Task: Leaving out the pictures, restate each record below word for word.

Stored entries:
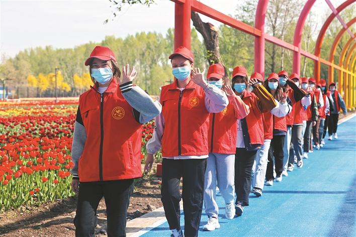 來自五家渠職業(yè)技術(shù)學(xué)校的志愿者在六師五家渠市青格達湖旅游風(fēng)景區(qū)參加崗前培訓(xùn)(資料圖片)。 兵團日報常駐記者 李華北 攝
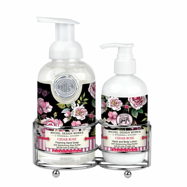 - Michel Design Works Cedar Rose set of foaming hand soap and lotion in a metal caddy.
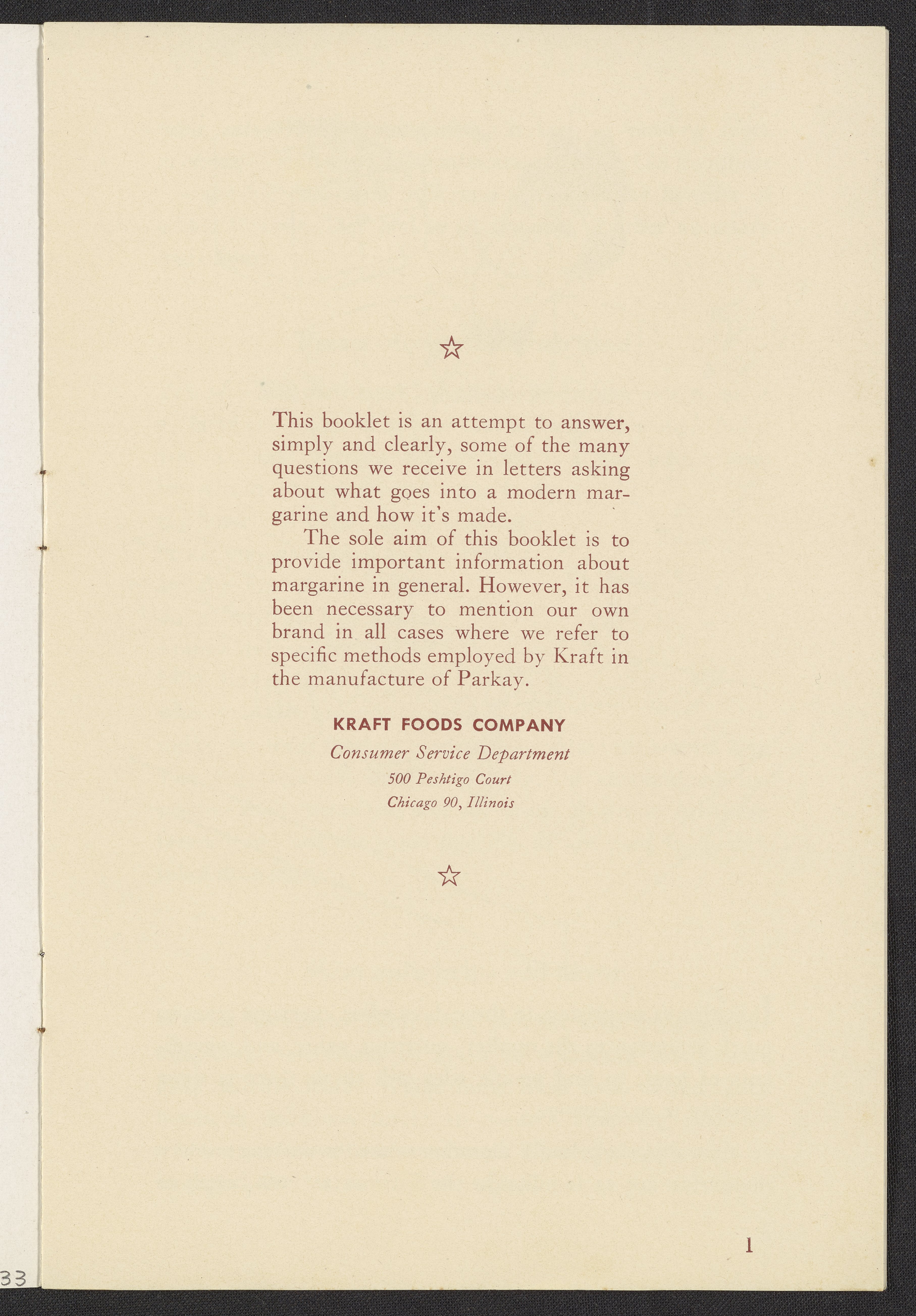 Small JPG1200 x 1771px — 448 KBLarge JPG2880 x 4251px — 2.1 MBFull-sized JPG3500 x 5166px — 2.9 MBOriginal fileTIFF — 3500 x 5166px — 51.8 MBInformational pamphlet about margarine published and distributed by the Kraft Foods Company Customer Service Department. The pamphlet details the ingredients and process for making Kraft Parkay, with an emphasis on demystifying the product for consumers concerned about the quality and nutritive value of margarine.
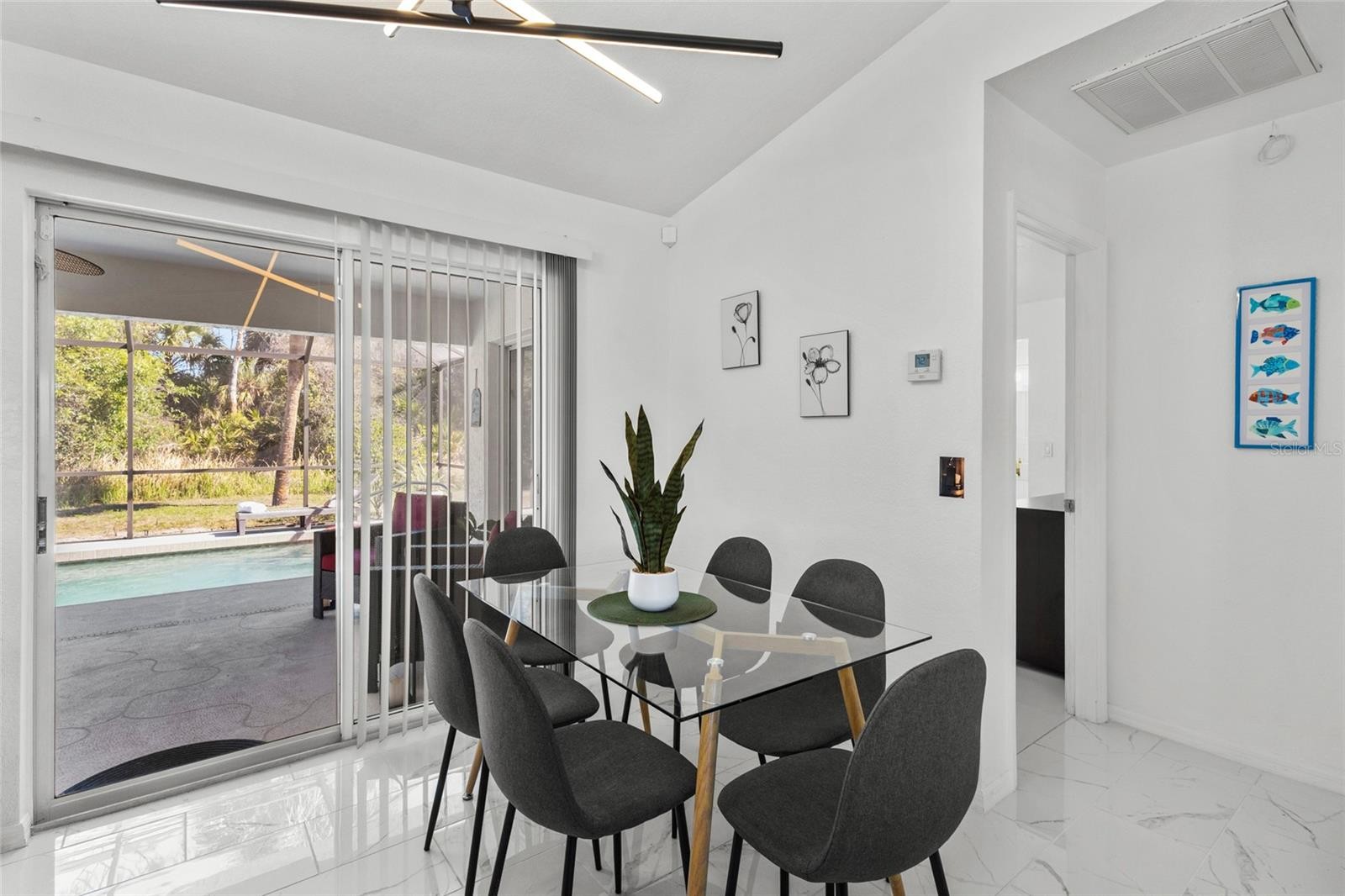 Available 4/3/2026. Beautifully furnished 2–3 bedroom, 2-bath pool home located in a quiet and walkable North Port neighborhood off N. Salford Blvd, convenient to nearby shopping along Price Blvd and US-41, I-75, and Gulf beaches. Designed for comfortable Florida living, this inviting home features polished white marble-look tile flooring throughout and a bright, open layout. Sliding doors open to a screened lanai and solar-heated pool overlooking a private backyard with natural landscaping and no rear neighbors. The flexible third bedroom with closet and barn doors works well as a guest bedroom or home office. Additional features include a two-car garage, full-size washer and dryer, alarm system, high-speed internet, and generator for backup power. Lawn and pool service are included and tenant pays electric. Available monthly or longer term. Seasonal rates are $5,500 per month December through April with a three-month minimum and $3,200 per month May through November; off season price is for 1 month, with rates negotiable for longer stays. A 13% tax applies to leases under six months, with no tax on longer leases. Non-smoking property. Pets considered with approval; fees or deposits may apply.
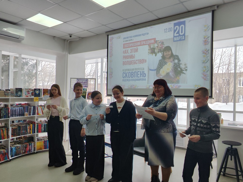 20 марта 2026 года в библиотеке семейного чтения «Книжная радуга» (ул. Новогодняя, 2) состоялся поэтический праздник «Ах, этой рифмы волшебство», приуроченный к Всемирному дню поэзии, участниками которого стали учащиеся средних классов МБОУ «СОШ № 96».

Problem solution:
 來自五家渠職業(yè)技術(shù)學(xué)校的志愿者在六師五家渠市青格達湖旅游風(fēng)景區(qū)參加崗前培訓(xùn)(資料圖片)。 兵團日報常駐記者 李華北 攝
 - Michel Design Works Cedar Rose set of foaming hand soap and lotion in a metal caddy.
 Small JPG1200 x 1771px — 448 KBLarge JPG2880 x 4251px — 2.1 MBFull-sized JPG3500 x 5166px — 2.9 MBOriginal fileTIFF — 3500 x 5166px — 51.8 MBInformational pamphlet about margarine published and distributed by the Kraft Foods Company Customer Service Department. The pamphlet details the ingredients and process for making Kraft Parkay, with an emphasis on demystifying the product for consumers concerned about the quality and nutritive value of margarine.
 Available 4/3/2026. Beautifully furnished 2–3 bedroom, 2-bath pool home located in a quiet and walkable North Port neighborhood off N. Salford Blvd, convenient to nearby shopping along Price Blvd and US-41, I-75, and Gulf beaches. Designed for comfortable Florida living, this inviting home features polished white marble-look tile flooring throughout and a bright, open layout. Sliding doors open to a screened lanai and solar-heated pool overlooking a private backyard with natural landscaping and no rear neighbors. The flexible third bedroom with closet and barn doors works well as a guest bedroom or home office. Additional features include a two-car garage, full-size washer and dryer, alarm system, high-speed internet, and generator for backup power. Lawn and pool service are included and tenant pays electric. Available monthly or longer term. Seasonal rates are $5,500 per month December through April with a three-month minimum and $3,200 per month May through November; off season price is for 1 month, with rates negotiable for longer stays. A 13% tax applies to leases under six months, with no tax on longer leases. Non-smoking property. Pets considered with approval; fees or deposits may apply.
 20 марта 2026 года в библиотеке семейного чтения «Книжная радуга» (ул. Новогодняя, 2) состоялся поэтический праздник «Ах, этой рифмы волшебство», приуроченный к Всемирному дню поэзии, участниками которого стали учащиеся средних классов МБОУ «СОШ № 96».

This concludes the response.